От его врожденной простоты и скромности всегда жила в нем боязнь какого-либо преувеличения. Очень точно схватил эту черту писатель Зозуля, интервьюировавший Блюхера в период его большой славы. В разговоре с ним Блюхер все преуменьшал — Амур был просто речка, [115] огромная кампания — небольшим походом, бой — стычкой, сильный гарнизон — небольшим гарнизоном. «У него самые светлые, очень внимательные глаза. Гордая крепкая посадка головы», — писал Зозуля.

Хорошо рассказал о нем Паустовский: «В бою он рядом с бойцами. Под ним убивали лошадей, но пули не трогали его. Его видели всюду в отряде — этого стройного жизнерадостного человека с серыми, очень внимательными, чуть прищуренными глазами и спокойным мужественным голосом. Всюду была видна его потертая до белых лысин кожаная куртка и старая солдатская фуражка».

Я помню еще по 1920 году, как гордились им бойцы на Дальнем Востоке. В то лето в Ханькоу, когда я реферировал прессу, иностранные газеты были переполнены догадками, «то такой на самом деле генерал Галин. Такая информированная газета, как лондонская «Таймс», а за нею вся буржуазная печать, пронюхавшая уже, что за псевдонимом «Галин» скрывается Блюхер, и знавшая о его блестящих подвигах в гражданской войне, не могла допустить мысли, чтобы такое огромное военное дарование выпало на долю простого русского человека, и утверждала, что Блюхер австрийский офицер, попавший в плен к русским в мировую войну, — прямой потомок прусского фельдмаршала Блюхера, разбившего Наполеона при Ватерлоо. Блюхер долго смеялся, когда я ему сообщил об этом. По его словам, у них на выселках 28 дворов и в 24 все крестьяне были Блюхерами по фамилии помещика, и вся деревня звалась Блюхеровкой. Те же газеты пустили в ход версию, что Блюхер вместе с несколькими другими крупными военными по окончании военной академии в Москве прошел дополнительный курс в Академии генерального штаба в Берлине.

По признанию Блюхера, он учился в сельской школе всего полтора месяца, а по документам выходит, что он окончил ее. Но здесь нет никакого противоречия: для такого одаренного человека, как Блюхер (в то время — крестьянского парня, обремененного массой трудовых обязанностей), ничего не стоило одолеть нехитрую премудрость церковноприходской школы, занимаясь урывками дома или в поле и посещая школу только в случаях крайней необходимости или для сдачи экзаменов.
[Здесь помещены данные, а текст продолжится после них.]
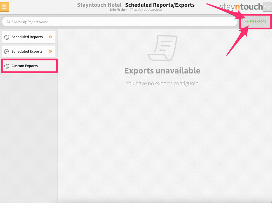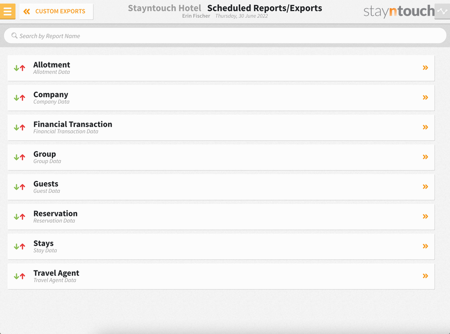 You create customized exports in Stayntouch PMS from Reports > Schedule a Report/Export > Custom Exports. Please note, in order for a user to have access to custom exports, they need to be assigned the Export Reports permission from Settings > Hotel & Staff > Permissions.

Из статьи Паустовского мы знаем, что Блюхер, демобилизовавшись [116] из армии после тяжелого ранения, начал брать уроки в Казани у студента Подгорного. При этом Блюхер рассчитывал за год пройти полный курс гимназии, чем немало смутил своего учителя, который счел эту затею фантастичной. Легко понять и одержимость Блюхера. Это было не просто честолюбие; он вгрызался в науку, готов был работать день и ночь, чтобы наверстать упущенное, исправить несправедливость судьбы, лишившей его, при его громадных природных способностях и остром уме, систематических знаний. Все в душе Блюхера кипело и клокотало до поры до времени: и возмущение имущественным и сословным неравенством в родной стране, и неудержимая тяга к знанию, и желание восполнить пробелы в образовании, и сознание громадного превосходства в способностях над тысячами богатых бездельников. Лишь в 1917 году революция и партия дали Блюхеру возможность обрести себя. Блюхер — самоучка в лучшем, высшем значении этого слова. Однако же этот самоучка созывал в Китае совещания 50–60 советников, вывешивал размеченную им громадную карту Китая и делал доклад. Мазурин говорил, что доклад мог длиться пять или шесть часов, и все время, пока Блюхер говорил, внимание слушателей не ослабевало. Он блестяще, без запинки, без бумажки развертывал широкую картину политического положения, экономических возможностей, особенностей местности, людских ресурсов, вооружения; излагал различные варианты планов, проводил их точнейший анализ, подвергая их критике, подводя слушателей к выбранному им варианту. Поистине одержимость Блюхера нашла себе плодотворный, творческий выход. В военном отношении он был человеком огромной, никем не оспаривавшейся одаренности. «Василий Константинович Блюхер, — пишет работавший с ним в Китае А. И. Черепанов, — обладал огромным военным талантом и подлинным даром провидения» и был «не только блестящим полководцем, но и трезвым политиком, оценивавшим события не только с позиций сегодняшнего дня, но и с позиций будущего».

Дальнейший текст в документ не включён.